理解和工程化初级植物代谢的进展。

Progress in understanding and engineering primary plant metabolism.

机构信息

Max Planck Institute of Molecular Plant Physiology, Am Muehlenberg 1, 14474 Potsdam-Golm, Germany.

出版信息

Curr Opin Biotechnol. 2013 Apr;24(2):229-38. doi: 10.1016/j.copbio.2012.11.002. Epub 2012 Dec 4.

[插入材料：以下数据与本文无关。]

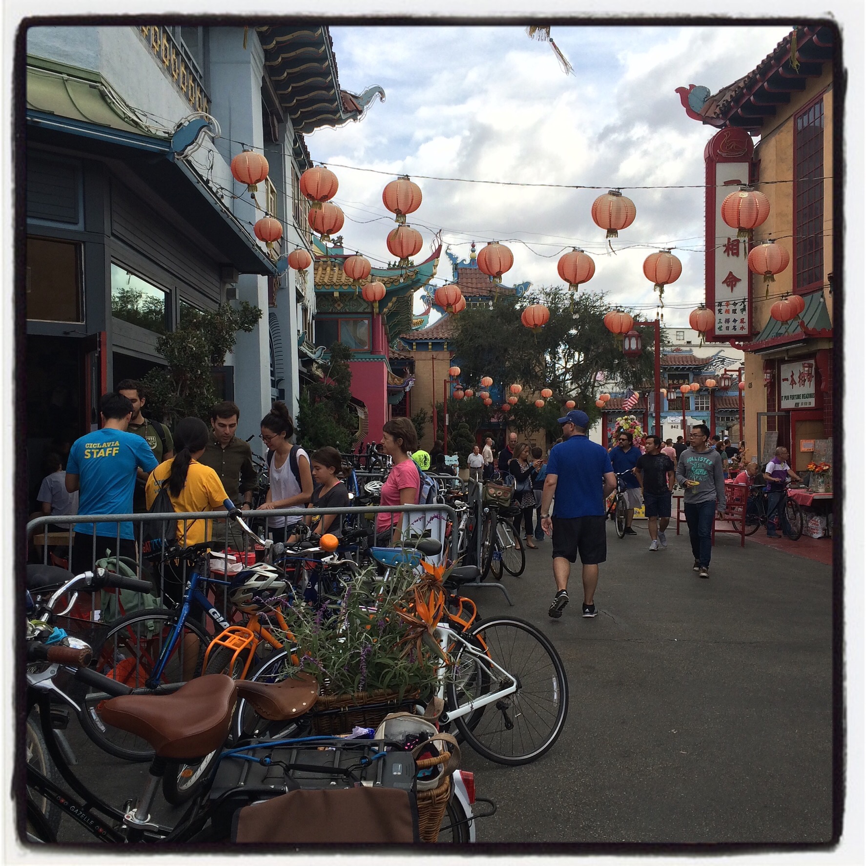 We continued along Broadway into Chinatown, where we joined a party for volunteers and supporters of CicLAvia hosted by Blossom Vietnamese Restaurant. The food at Blossom was good – I think we will have to go back and experience the restaurant as regular customers.
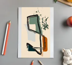 Linee radianti in tonalità terrose come il verde, il marrone e l'arancione si estendono da un cerchio centrale, creando un effetto a raggiera. Il design è caratterizzato da un'estetica retrò con motivi simmetrici e una tavolozza di colori rilassanti.

DOI:10.1016/j.copbio.2012.11.002

PMID:23219183

Abstract

The maximum yield of crop plants depends on the efficiency of conversion of sunlight into biomass. This review summarises recent models that estimate energy conversion efficiency for successive steps in photosynthesis and metabolism. Photorespiration was identified as a major reason for energy loss during photosynthesis and strategies to modify or suppress photorespiration are presented. Energy loss during the conversion of photosynthate to biomass is also large but cannot be modelled as precisely due to incomplete knowledge about pathways and turnover and maintenance costs. Recent research on pathways involved in metabolite transport and interconversion in different organs, and recent insights into energy requirements linked to the production, maintenance and turnover of the apparatus for cellular growth and repair processes are discussed.

摘要

作物的最大产量取决于将阳光转化为生物量的效率。本综述总结了最近的模型，这些模型估计光合作用和代谢过程中连续步骤的能量转换效率。已确定光呼吸是光合作用过程中能量损失的主要原因，并提出了修饰或抑制光呼吸的策略。将光合产物转化为生物量的过程中也会损失大量能量，但由于对途径和周转率以及维持成本的了解不完整，因此无法精确建模。本文讨论了最近关于不同器官中代谢物运输和相互转化途径的研究，以及与细胞生长和修复过程的设备的产生、维持和周转率相关的能量需求的最新见解。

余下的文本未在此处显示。